Бедный мой братик так пронзительно кричал, так горько, с такой болью, что казалось, сердце у меня разорвётся, а он всё бежал за машиной, бежал, ах, если б она остановилась и я прижал к груди бедного Амана!

– Акаджан, стойте! – крикнул он ещё раз, споткнулся и врезался лицом в землю… К нему подбежала запыхавшаяся воспитательница, подняла на руки. Аман вырывался, дрыгал ногами, царапался.

– Не плачь, – повернул меня к себе Карабай, – постепенно он свыкнется.

Через полчаса меня, Самара, Карабая, Вечноголодного и ещё троих ребят сдали в ремесленное училище при городской железнодорожной станции.

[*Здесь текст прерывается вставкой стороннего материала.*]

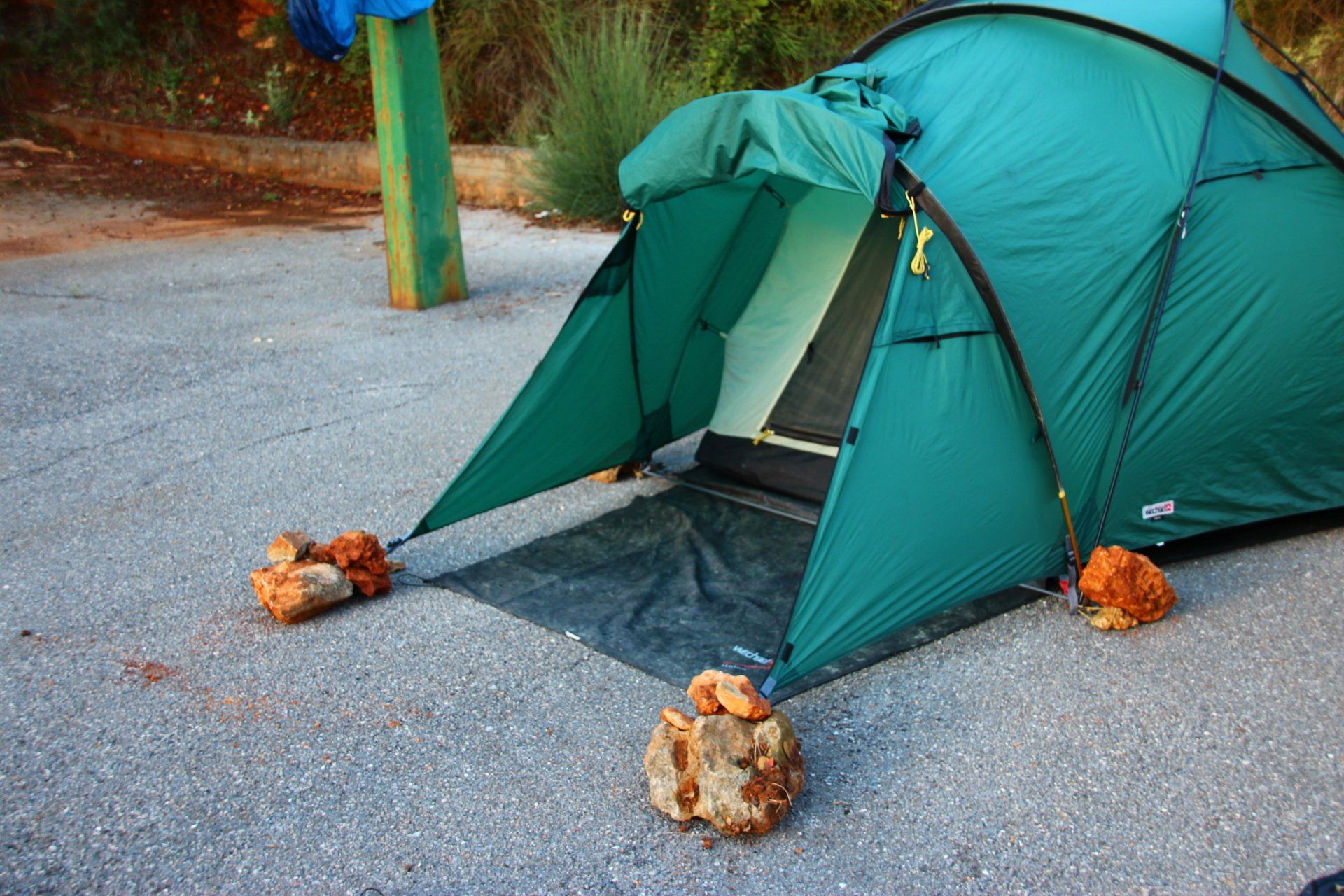 Es geht noch ein kleines Stückchen weiter abwärts, ehe es wieder rauf geht. Immer wieder kommen uns vereinzelt Läufer entgegen. Auch ein paar Läuferinnen sind dabei. Es sind immer wieder lustige Begegnungen. Wir feuern sie an und sie feuern uns an. An einer geraden etwas flachen Stelle machen wir am Straßenrand halt. Die Räder lehnen wir auf der anderen Straßenseite an der Leitplanke an, während wir uns in den Schatten setzten. „Ganz schön warm wieder heute“ sagt Jasmin zu mir, während sie ihre Trinkflasche öffnet. „Oh ja. Das Thermometer zeigt 28°C in der Sonne an“ antworte ich ihr. Wir machen einige Minuten Pause, ehe wir wieder aufsatteln und weiter bergauf radeln. Es geht noch eine ganze Weile bergauf. Die Landschaft ist wirklich unglaublich schön. Nach ungefähr 16Km und 1053Hm sind wir dann endlich oben angekommen auf 1307Hm. Und das Beste, hier oben gibt es ein kleines Restaurant. Hier machen wir Halt. Da Jasmins Motivation ein wenig angekratzt ist nach dem ganzen bergauf, glaube ich, ist es Zeit für eine kleine Motivationsspritze. „Lust auf ein Eis?“ frage ich sie. Sie strahlt mich mit großen Augen an „Ja! Das wäre toll“. Wir schieben die Räder an eine kleine Mauer und stellen sie dort ab. Jasmin nimmt das Portmonee an sich und geht mal rein gucken, ob sie auch Eis haben. Ich setzte mich währenddessen an einen der Tische, die auf dem Platz vor dem Restaurant stehen. Nach ein paar Minuten ist sie wieder mit zwei großen Eis in der Waffel zurück. Nun sitzen wir mitten in den Bergen in der Sonne und schlabbern ein Eis, nach der ganzen Anstrengung. Nach einer ausgiebigen Pause geht es aber dann irgendwann weiter. Jetzt geht es fast ganze 1000hm wieder bergab. Damit es uns nicht kalt wird während der Abfahrt, ziehen wir unsere dünnen Überziehjacken an. Sicher ist sicher. Genau am Scheitelpunkt steht ein Schild das auf ein Oliven Museum in Sparta hinweist. „Schau mal in Sparta gibt es ein Oliven Museum“ sage ich kichernd zu Jasmin. „Oliven. Sie sind überall“ antwortet sie lachend. „Jaja, immer diese Oliven. Na Lust auf eine kleine Olivenernte?“ frage ich sie. „Ne, gerade nicht. Vielleicht später“. So genug herumgealbert. Los geht’s. So sausen wir die Serpentinen auf der anderen Seite wieder hinab. Dabei geht es durch eine wunderschöne Berglandschaft. Aber das absolute Highlight der Abfahrt ist aber definitiv das Stück, wo die steilen Felswände über die Straße hinausragen und man sogar ein kleines Stückchen durch einen Tunnel fährt. Einfach nur atemberaubend. Die Straße führt vorbei an steilen Felswänden, hohen Gipfeln und tiefen Schluchten. Wir wollen noch aus den Bergen raus und uns dann einen Schlafplatz suchen. Nach ungefähr 17Km Abfahrt kommen wir in einem kleinen Dorf an. Von hier aus sind es nur noch knappe 8Km bis nach Sparta. „Wäre super wenn wir direkt nach der Ortschaft einen Schlafplatz finden würden“ sage ich zu Jasmin. „Wäre super“ antwortet sie mir. Und wir sollten Glück haben, denn nur wenige 100 Meter hinter der Ortschaft finden wir sogar gleich zwei geeignete Schlafplätze. Links neben der Straße befindet sich eine kleine flache Wiese und rechts führt ein kleiner Weg weg von der Straße zu einem etwas höher und hinter Bäumen und Gebüsch gelegenen Basketballplatz, der bis auf den offenen Eingang eingezäunt ist. So wird man nicht direkt von der Straße aus gesehen. Links, auf der Wiese wird man zwar direkt von der Straße aus gesehen, aber dafür liegt man bequem auf einer weichen Wiese. Bei dem Basketballplatz wird man zwar nicht direkt gesehen, aber dafür liegt man auf einem harten Betonboden. Wir beratschlagen uns kurz und entscheiden uns dann für das Basketballfeld. Wir folgen dem Weg zum Basketballfeld und fahren dann in die hinterste Ecke des Feldes. „Ist doch super hier“ sagt Jasmin. „Stimmt. Aber wir müssen ein paar dicke Steine sammeln, damit wir das Zelt richtig abspannen können“ antworte ich ihr. „Sollte kein Problem sein, da vorne liegen einige. Und wenn morgen früh ein paar Kids zum Basketballspielen auftauchen, spielen wir mit ihnen um den Platz“ erwidert Jasmin lachend. Da wir noch ein wenig warten wollen, ehe wir das Zelt aufbauen, falls doch noch jemand kommen sollte, wollen wir uns zuerst etwas zu Essen kochen. Als ich die große Rackpack Tasche von meinem Rad nehmen will, fällt mir auf, dass in ihr irgend etwas hin und her schwappt. Oh oh, nicht gut. Ich stelle die Tasche auf den Boden und öffne sie. Verdammt! Der kleine Verschluss des Wassersacks ist offen und fast das gesamte Wasser ist ausgelaufen. Und mein Schlafsack, der sich ebenfalls in der Tasche befindet, hat alles freudig aufgesogen. Schit! Irgendwie muss sich der Verschluss während der Fahrt geöffnet haben, oder er war nicht richtig zu. Zum Glück sind die Lebensmittel gut verpackt, naja, bis auf eine Packung Kritharaki (griechische Reisnudeln). Die Packung hatte wohl ein Loch. Die sind jetzt schön aufgequollen. Heute gibt es also 1 Kg Kritharaki mit Gemüse. Und der Schlafsack? Der wird wohl nicht mehr trocken werden bis zum schlafengehen. Wir packen den nassen Schlafsack aus und hängen ihn nach dem auswringen über einen der Basketballkörbe zum trocknen. Dann bleibt mir also nur noch mein Schlafsackinlett für die Nacht. Das könnte etwas frisch werden. „Wenn du lieb bist, bekommst du was von meinem Schlafsack ab“ sagt Jasmin lachend zu mir. „Ich schaue sie kritisch an und antworte ihr „Das überlege ich mir noch“ und strecke ihr anschließend die Zunge raus. Wir kochen uns die schon vorgeqollenen Kritharaki und essen anschließend. Nach dem Essen fängt Jasmin an Steine für zum abspannen zu sammeln, während ich das Zelt aufbaue. Nachdem das Zelt steht, helfe ich ihr beim Steine sammeln. Als wir genug Steine haben, spannen wir das Zelt so gut wie es geht ab. So erledigt. Das sollte halten. Während Jasmin das Zelt von innen herrichtet, mache ich draußen alles paletti

Мария Павловна вечером навестила нас. Принесла шесть свежеиспечённых лепёшек, полную до краёв банку сметаны, килограмма два зрелого-презрелого урюка. Мы все расселись на травке в саду училища. Глаза нашего директора распухли, покраснели, ей, бедняжке, видно, не раз пришлось сегодня поплакать.

– Ну как, познакомились с ребятами? – тихо спросила тётя Русская.

– Все похожи на дикарей, – сморщился Карабай, точно съел что-то кислое.

– Это вам только показалось. Вы с ними ещё подружитесь.

– Вы останетесь здесь? – спросил я.

– Нет, наверное, нет. Но я буду часто навещать вас. Только, дети мои, об одном хочу просить: учитесь хорошо. Если постараетесь, то станете машинистами, будете водить поезда. Или мастерами в цеху… В общем, старайтесь, чтоб мне за вас не, было стыдно. Будьте дружны… Слушайтесь воспитателей…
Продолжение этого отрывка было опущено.